I Had a Dream

I had a dream in which the governor of a particular state declared that the priority of his administration was to be nurturing children. The legislature, both the senate and the representatives, proposed, considered and passed laws that had at their core nurturing children.

One of the first departments to move toward nurturing children was Education. After all, the customers for education are children. Soon children were allowed to attend schools that were the best place for that individual student. Teachers were unleashed to teach children in the highest and best teaching methods in an effort to nurture each child’s intellect and help them grow into self-reliant, productive adults. School buildings were both modernized and adequately maintained. Children learned that they had options. If they worked hard and well, they could be anything they wanted to be when they grew up.

The Health Department was close behind. Every child had proper health care regardless of where the child lived or at what socio-economic level. Vaccinations were available. Well-child check-ups were encouraged. Soon nutrition improved in schools and also in the home. Children didn’t miss school because of illness. Schools and families were full of healthy and happy children.

The Housing Department implemented programs to create safe and attractive places for children and their families to live. Not extravagant housing, but adequate in all respects of cleanliness and appearance. There was less vandalism and graffiti. Because children had safe housing, they played outside. Communities were strengthened and neighbors helped one another.

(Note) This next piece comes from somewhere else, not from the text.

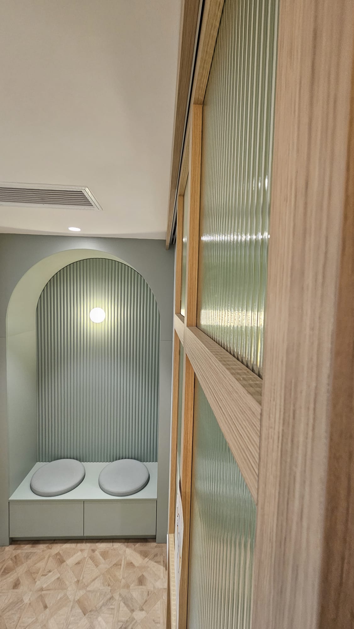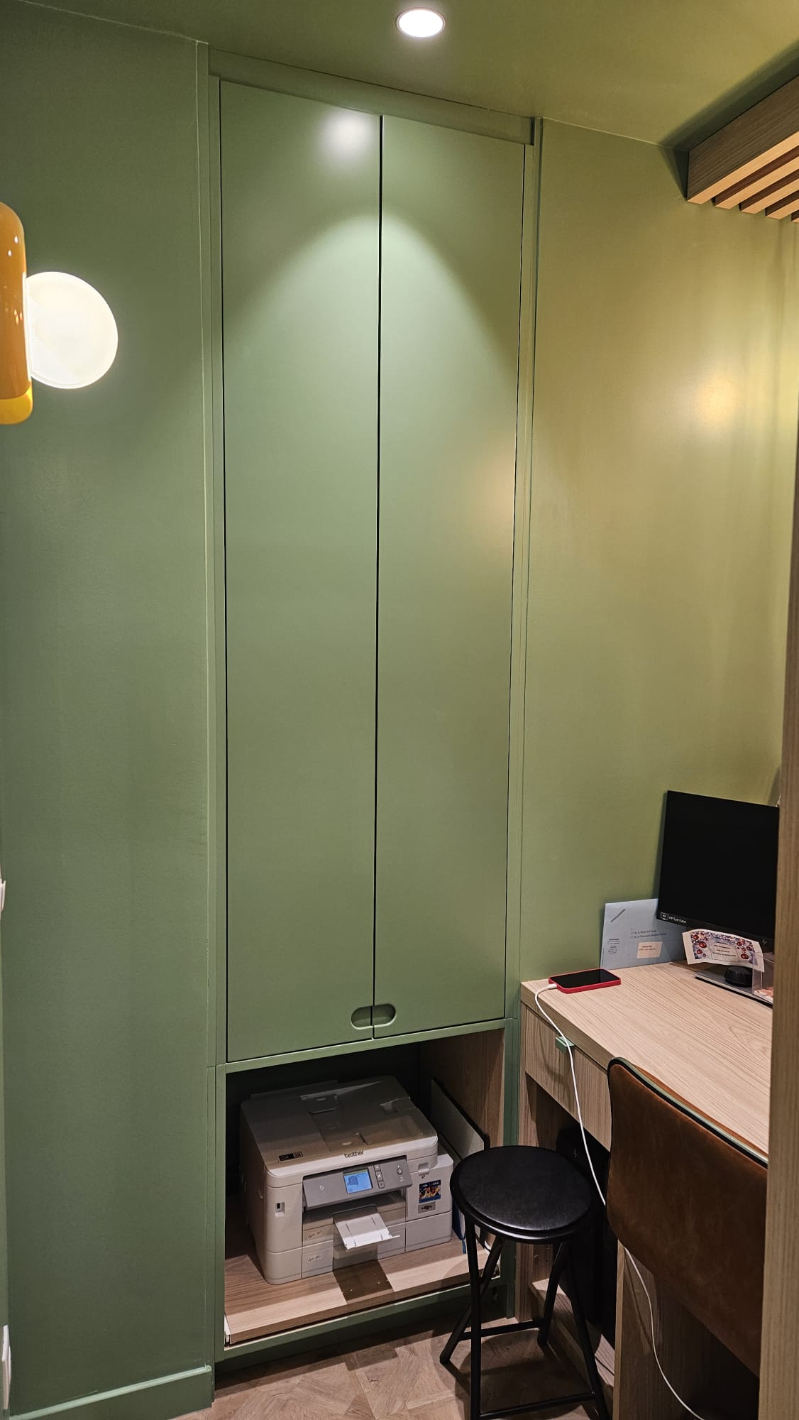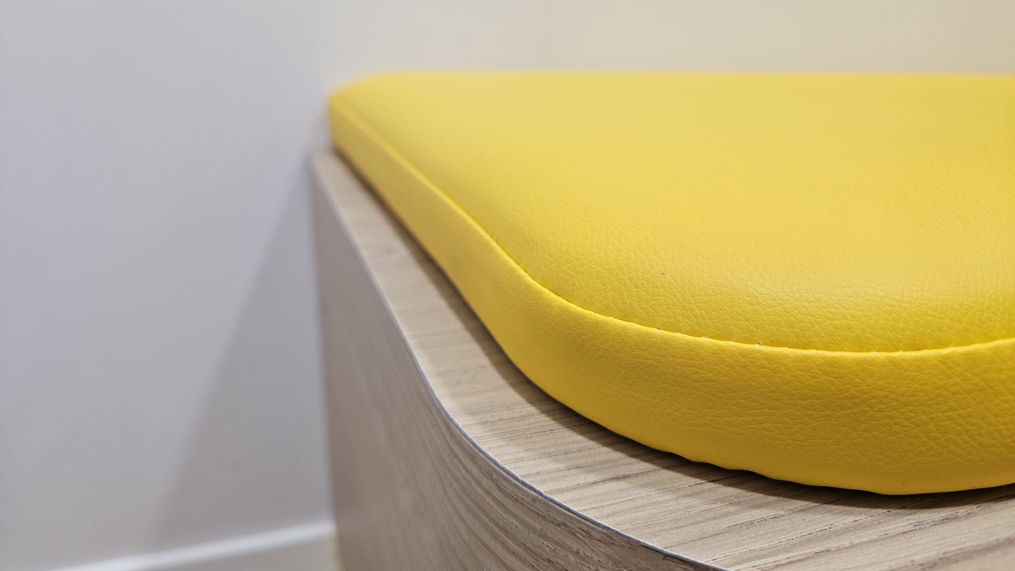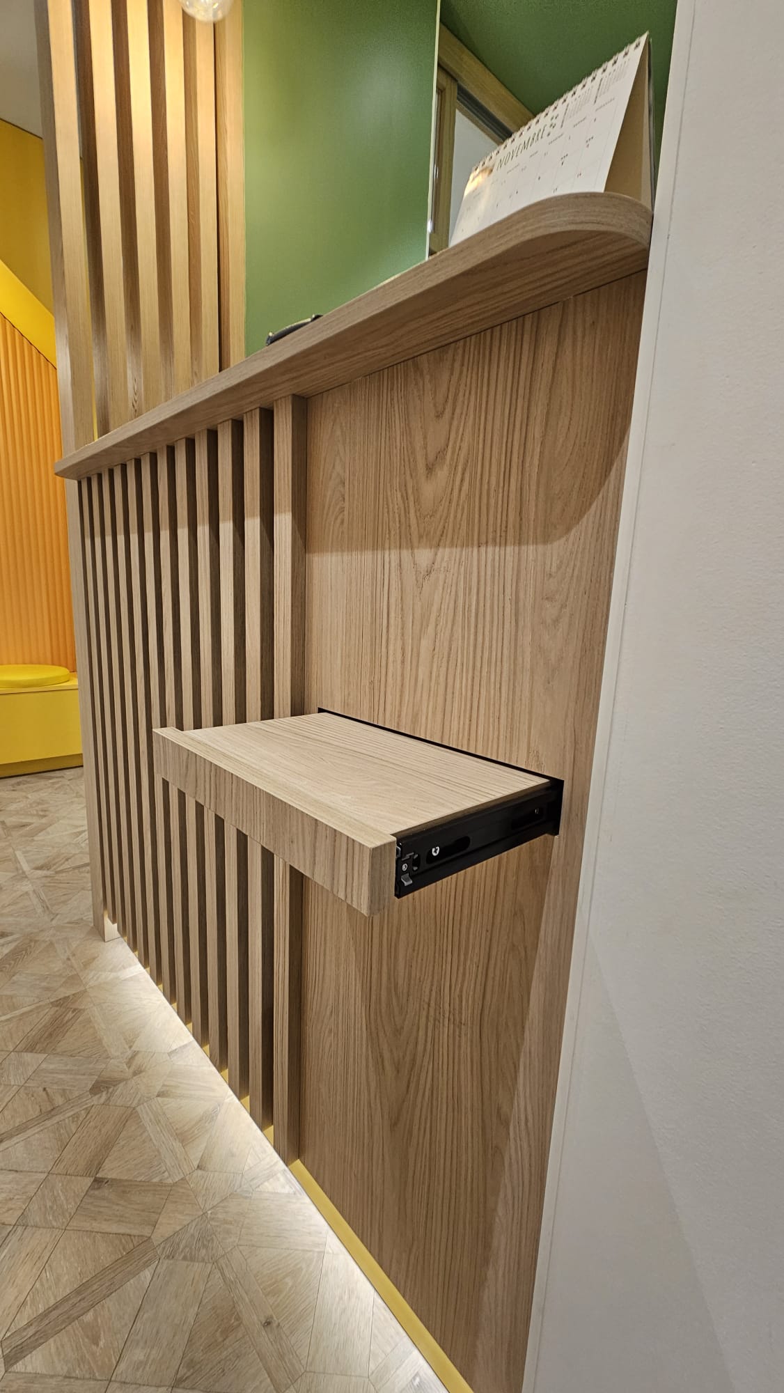 Notre donneur d’ordre, un cabinet d’architectes basé à Rilleux (Rhône), voulait un univers pastel autour de 3 couleurs, un bleu pétrol, un jaune gouache, et un vert d’eau, le tout assorti avec un chêne Casella naturel.

Because children were nurtured in schools, in health care, and in homes, they made better decisions. They went to college or apprenticed for a trade. They put off childbearing because there were so many other things they wanted to accomplish. Schools and colleges graduated good, dedicated workers. Towns, cities and countryside were filled with responsible adults who worked to make a better life for their children. It took a long time, but gradually these good changes became normal for the state that put nurturing children first.

As happens in dreams, there wasn’t any explanation of how all of this happened. But I somehow knew that the government did not tax the citizenry exorbitantly in order to pay for all of the nurturing children programs. It seemed there was less crime so less jails and less law enforcement was needed. As education increased, citizens took responsibility for their own situations and relied on the government less. Non-governmental agencies as well as faith-based organizations flourished as they stepped to the forefront ministering to and nurturing children.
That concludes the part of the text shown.